Friends will come and friends will go. But true friends stick on forever. :)

I Avoided Many Things Only For U In My Life.. Dont Ever Make Me Feel For Why I Left All That..!

Is that a keg in your pants? Cause I would love to tap that ass!

What has 148 teeth and holds back the incredible hulk? My Zipper!

How do you like your eggs: poached, scrambled, or fertilized?

You must work at Subway, cause you just gave me a foot long.

If your boss is getting you down, look at him through the prongs of a fork and imagine him in jail.

I think my girlfriend has had sixty-one boyfriends before me. She calls me her sixty second lover.


I like my women like I like my toaster..two warm holes and never leaves the kitchen.

Smile is the second best thing you can do with your lips. ;-)

Some people say the glass is half empty. Others say it's half full. I'm just happy to have a glass!

People make the world go around but at some point don't you wish it were flat so all the idiots would keep walking and never come back?

A cat falls into the water and the rooster laughs. What's the moral of the story??? A wet pussy always makes a happy cock.

Anyone can be passionate, but it takes real lovers to be silly.

You're like a prize winning fish. I don't know whether to eat you or mount you.

I believe in love and marriage but not necessarily with the same person.

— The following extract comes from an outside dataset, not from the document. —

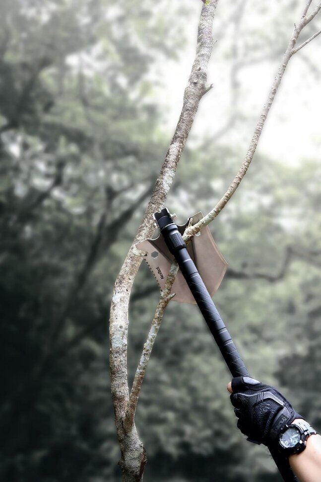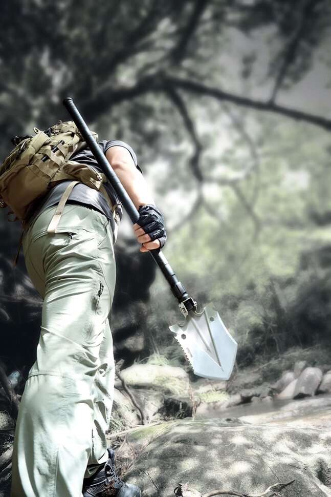 Багатофункціональна лопата – відмінне пристосування для потреб туристів і інших категорій активних осіб. Включає в себе 14 функцій, які згодяться для вирішення найбільш частих і типових завдань. У складі виробу – високоякісні матеріали. Лопаткова головка і рукоятка відповідно виготовлені з антикорозійним мартенситної нержавіючої сталі 20Cr13 і міцного авіаційного алюмінію 6061-T6, що забезпечує довгі роки інтенсивного використання в суворих умовах.

Anyone can be passionate, but it takes real lovers to be silly.

Those clothes would look great in a crumpled heap on my bedroom floor.

The key of my happiness, just forgetting my past.

Where you born on a farm? Cause you sure know how to raise a cock!

Could I touch your belly button.. from the inside?

Nobody DIES Virgin. Coz in the End LIFE Fucks us all.

You Are in my Inappropriate Thoughts.

Great Minds F*CK each Other.

Can i borrow a KISS? I promise i give it back.